• The data:

----

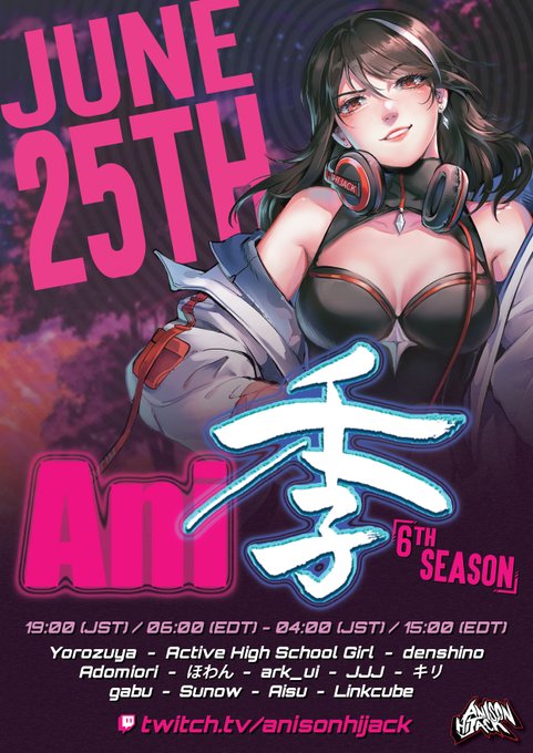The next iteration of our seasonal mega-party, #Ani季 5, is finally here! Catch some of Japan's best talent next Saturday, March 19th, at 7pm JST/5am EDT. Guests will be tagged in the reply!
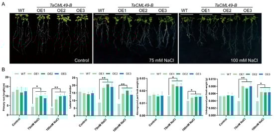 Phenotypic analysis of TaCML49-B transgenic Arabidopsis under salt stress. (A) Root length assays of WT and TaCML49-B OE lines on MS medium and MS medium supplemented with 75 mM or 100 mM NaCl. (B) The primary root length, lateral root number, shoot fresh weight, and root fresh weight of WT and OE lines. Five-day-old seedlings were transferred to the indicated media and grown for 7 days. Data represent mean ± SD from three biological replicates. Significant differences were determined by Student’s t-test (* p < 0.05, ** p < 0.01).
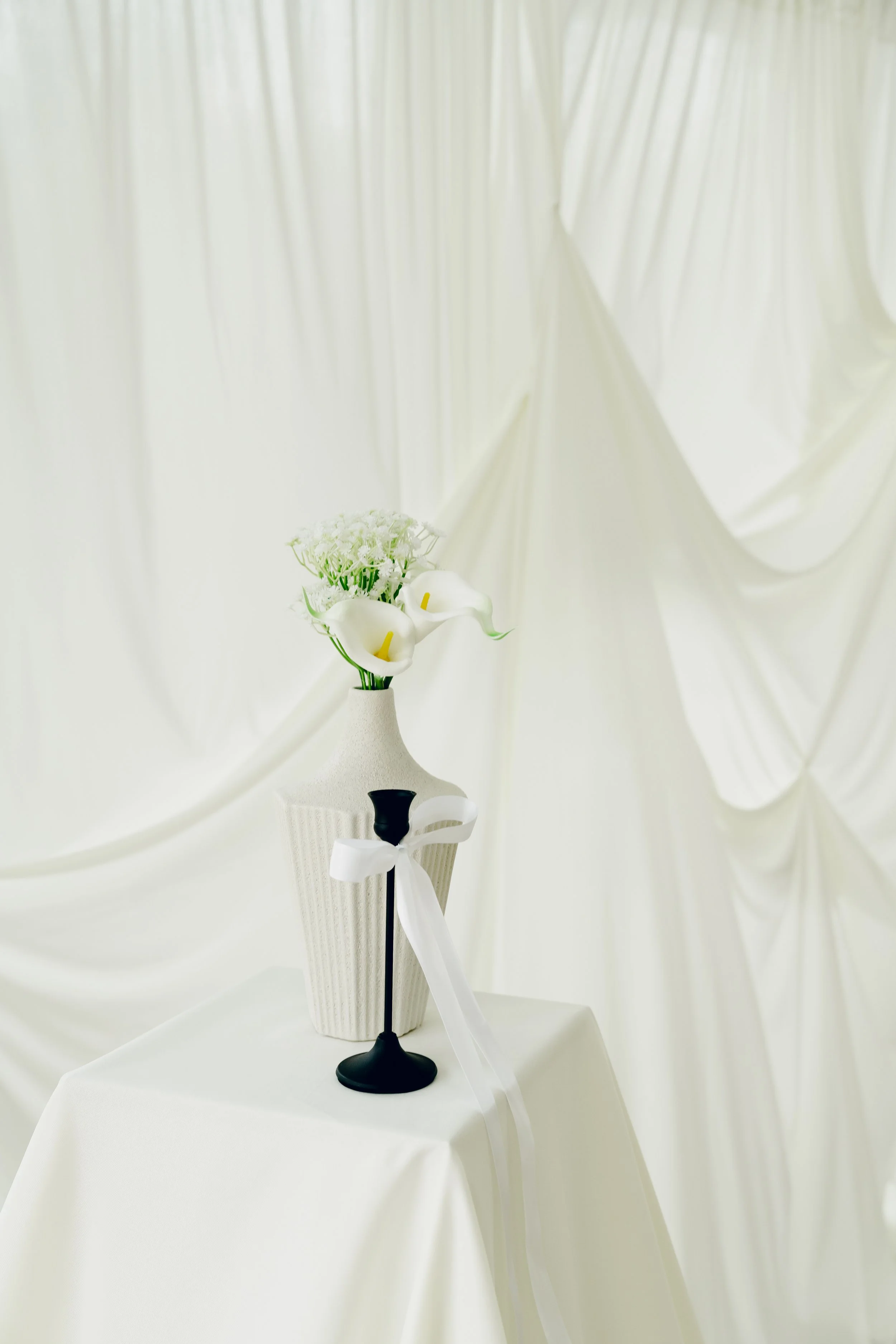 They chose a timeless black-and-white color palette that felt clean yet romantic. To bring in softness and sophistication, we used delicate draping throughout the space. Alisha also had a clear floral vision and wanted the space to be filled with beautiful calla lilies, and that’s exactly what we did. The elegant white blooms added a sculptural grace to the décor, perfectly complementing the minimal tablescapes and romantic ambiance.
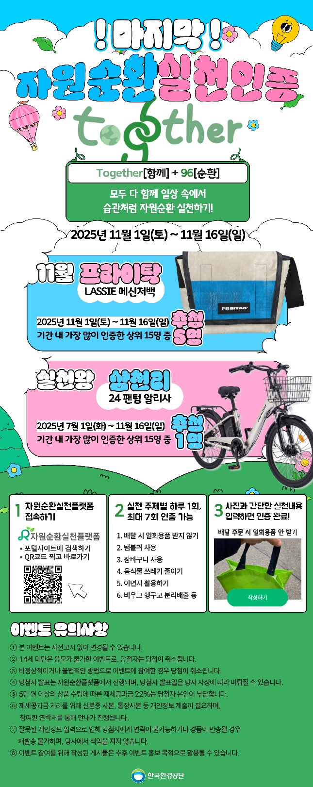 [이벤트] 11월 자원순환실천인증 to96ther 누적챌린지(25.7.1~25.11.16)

----

• Work order:
Restate the material above word for word, omitting the pictures.

• Exercise output:
The next iteration of our seasonal mega-party, #Ani季 5, is finally here! Catch some of Japan's best talent next Saturday, March 19th, at 7pm JST/5am EDT. Guests will be tagged in the reply!
 Phenotypic analysis of TaCML49-B transgenic Arabidopsis under salt stress. (A) Root length assays of WT and TaCML49-B OE lines on MS medium and MS medium supplemented with 75 mM or 100 mM NaCl. (B) The primary root length, lateral root number, shoot fresh weight, and root fresh weight of WT and OE lines. Five-day-old seedlings were transferred to the indicated media and grown for 7 days. Data represent mean ± SD from three biological replicates. Significant differences were determined by Student’s t-test (* p < 0.05, ** p < 0.01).
 They chose a timeless black-and-white color palette that felt clean yet romantic. To bring in softness and sophistication, we used delicate draping throughout the space. Alisha also had a clear floral vision and wanted the space to be filled with beautiful calla lilies, and that’s exactly what we did. The elegant white blooms added a sculptural grace to the décor, perfectly complementing the minimal tablescapes and romantic ambiance.
 [이벤트] 11월 자원순환실천인증 to96ther 누적챌린지(25.7.1~25.11.16)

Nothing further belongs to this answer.